Wonder
- Author: Robert J. Sawyer
- Language: English
- Series: WWW Trilogy
- Genre: Science fiction
- Publisher: Ace Books
- Publication place: Canada
- Preceded by: Watch

= Wonder (Sawyer novel) =

2011 novel by Robert J. Sawyer

Wonder, also called WWW: Wonder, is a 2011 novel written by Canadian novelist Robert J. Sawyer. It is the third and last installment in the WWW Trilogy and was preceded by two sequels, Wake (2009) and Watch (2010).

==Synopsis==
Ever since the government has tried and failed to eliminate Webmind, Caitlin and her family have been thrust into the media spotlight. People are excited over what Webmind can offer the world, such as the cure for cancer and facilitating international relations, but others are also frightened about its potential for harm.
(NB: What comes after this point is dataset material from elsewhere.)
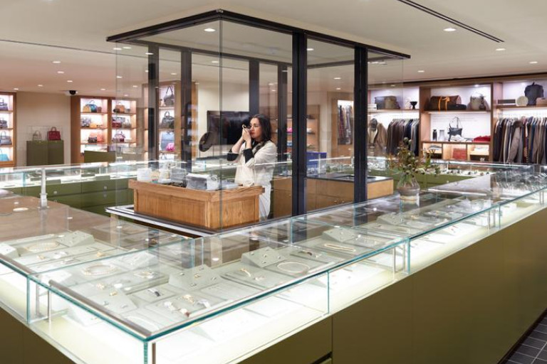 The 12,000 SF storefront on the Magnificent Mile brings together a host of features and services in an inviting space that reflects Chicago’s unique culture. In order to maximize the use of the available ground floor retail space, the DSI interiors team constructed a cantilevered staircase that connects clients to organized departments and custom services. A glass encased watchmaker station and CaféCafé, an eatery that serves locally produced fare are just two distinct amenities for this location. Sustainability has always been a focus for the brand and this mindset continues at their tenth location. An ecofriendly theme is represented at the forefront of design, materials used and construction. A state of the art security system keeps “the world’s largest marketplace for authenticated luxury consignment”, safe and protected.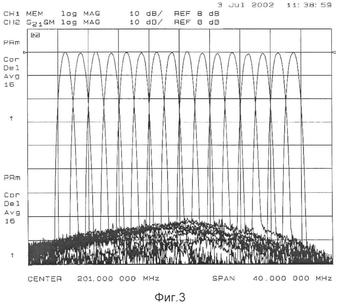 Предлагаемое техническое решение прошло экспериментальную проверку. Многоканальный фильтр перекрывал диапазон частот 186-216 МГц и содержал 16 каналов с фильтрами на ПАВ с относительной шириной полосы пропускания по уровню – 2 дБ около 1,5%. Фильтры на ПАВ выполнены на срезе YX/128°LiNbO3.

The Pentagon still seeks to eliminate Webmind and has recruited some of the world's best hackers to destroy it forever.

==Reception==
Critical reception for Wonder was positive, and much of the novel's praise centered upon its "thoughtful "what if" scenarios". In contrast, the National Post expressed disappointment in the final book of the trilogy as they felt that the main flaws were "Sawyer's Pollyanna faith in the benefits of technology" and the insertion of several viewpoints in the book that they stated had an "eerie resemblance to the rankest propaganda".